You cannot reduce "noise" until you can identify what the noise signal looks like!!! To do that you need an oscilloscope to visually examine the "noise" and determine it's properties, such as frequency, voltage wave form and how often it occurs.
Paul
Can you please describe a bit more why you want to do this? What is this project about and about yourself e.g., what electronics, software, algorithm knowledge do you have?
FFT is just one mathematical tool for digital signal processing. What you need to do is filter the data. There are many things to know about digital filters. To give you better advice we will need to know a bit more what you know and what you would like to do.
Thank you, Paul_KD7HB. that's white noise.
I thought I could find the amplitude by doing an FFT and reduce the noise by reducing all but the highest values, but is it wrong? If possible, I would like to use only Arduino and Processing.
Thank you, Klaus_K. For a college project, I was asked how to extract only the waveform from a noisy waveform, but I couldn't solve the problem with my knowledge.
I have some knowledge of FFT and DFT, but it is not perfect. I know that I can apply a window function to the waveform, divide it into finite intervals, and then do an FFT.
As for filters, I know about high-pass, low-pass, and band-pass filters. I know what they are. However, I don't know how to use them in practice...
Filtering is the ONLY real-time processing you can do to your signal. Any thing else will be slow, done in blocks of data and will miss anything that occurs between processing a small bunch of integers.

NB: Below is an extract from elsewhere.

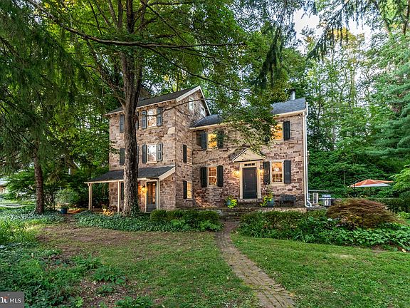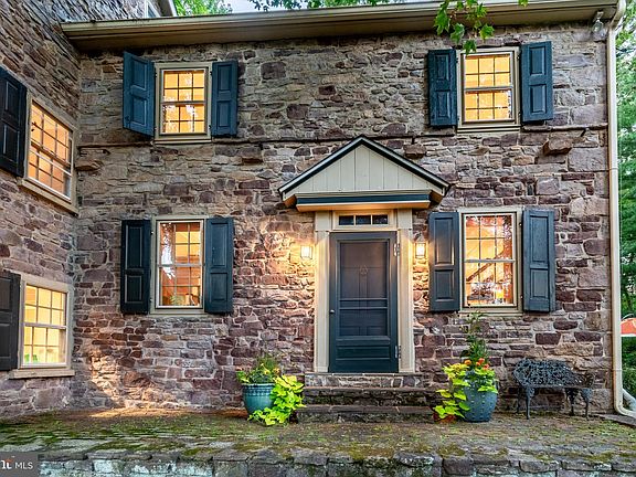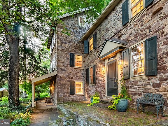 Just steps from the towpath and the Delaware River, this historic fieldstone house has enjoyed quiet transformations over time that blend history with contemporary ease. Originally built by Col. John Sharp, in 1842 and established by Daniel Sharp and Gershom Lambert, it became a general store until 1865. The property retains incredible features from the late 19th century, its thick stone walls, deep-set windows, random width hardwood flooring and exposed hand-hewn beams, but the atmosphere is unmistakably contemporary thanks to updates that balance reverence for the past with a clear-eyed embrace of modern living. The gourmet eat-in kitchen, anchored by granite counters and a farmhouse sink, stainless appliances, a six-burner gas stove with a vented hood, features radiant heated floors and glass-front cabinetry. The generous dining room is ready to host life’s celebrations with ease, featuring elegant stained-glass windows, exposed painted beams, random width hardwood flooring and houses a tucked-away powder room. The adjacent cozy family room is anchored by a stunning stone wood burning fireplace, flanked by charming built-in cabinetry and shelving for books and collectables. Two staircases lead to the 2nd level offering a formal living room focused around the wood burning fireplace w/decorative mantle and flanking built-in shelving and cabinetry. Within the primary, there’s a soothing bathroom with double copper vessel sinks, granite counters and a mosaic tiled walk-in shower plus plenty of closet storage. An adjacent sunlit home office with exposed stone walls and a doorway leading out onto the rear deck, connects the primary suite to a guest bedroom with a decorative fireplace and hardwood flooring. The third floor offers a third bedroom, including a loft, a full bath, and the laundry. Outside, the fenced yard shows off a generous bluestone patio, a covered porch and an open brick terrace open to a series of gardens that soften the home’s sturdy silhouette. An oversized two-car garage sits at the edge of the property, with ample space above for storage. A whole house generator has been added for peace of mind. Within walking distance, find the Stockton Market and the historic Stockton Inn, both recently re-opened and reimagined will most likely become your favorite spot to enjoy. Many options await for dining and antiquing in the historic award-winning towns of Lambertville and New Hope, just a few miles south, with the Delaware & Raritan Canal path nearby it’s a short bike ride away.

There are ICs that are programmable to do near real-time signal processing, but are not Arduino related.
Paul
There are Arduinos which can be used for digital signal processing. Anything that has a ARM Cortex-M4 or M7 is more than capable (e.g., Arduino Nano 33 BLE). The question is the software support. The Common Microcontroller Software Interface Standard (CMSIS) has a DSP library optimized for these processors using the DSP instructions.
You can install it using the Library Manager. Search for DSP. Install Arduino_CMSIS-DSP. There are no examples in this library so some information from the original source (ARM) may be helpful.
I'm using an Arduino Uno R3, and I've looked into the CMSIS library, but unfortunately I've heard that it can't be used with the Arduino Uno because it has a different processor.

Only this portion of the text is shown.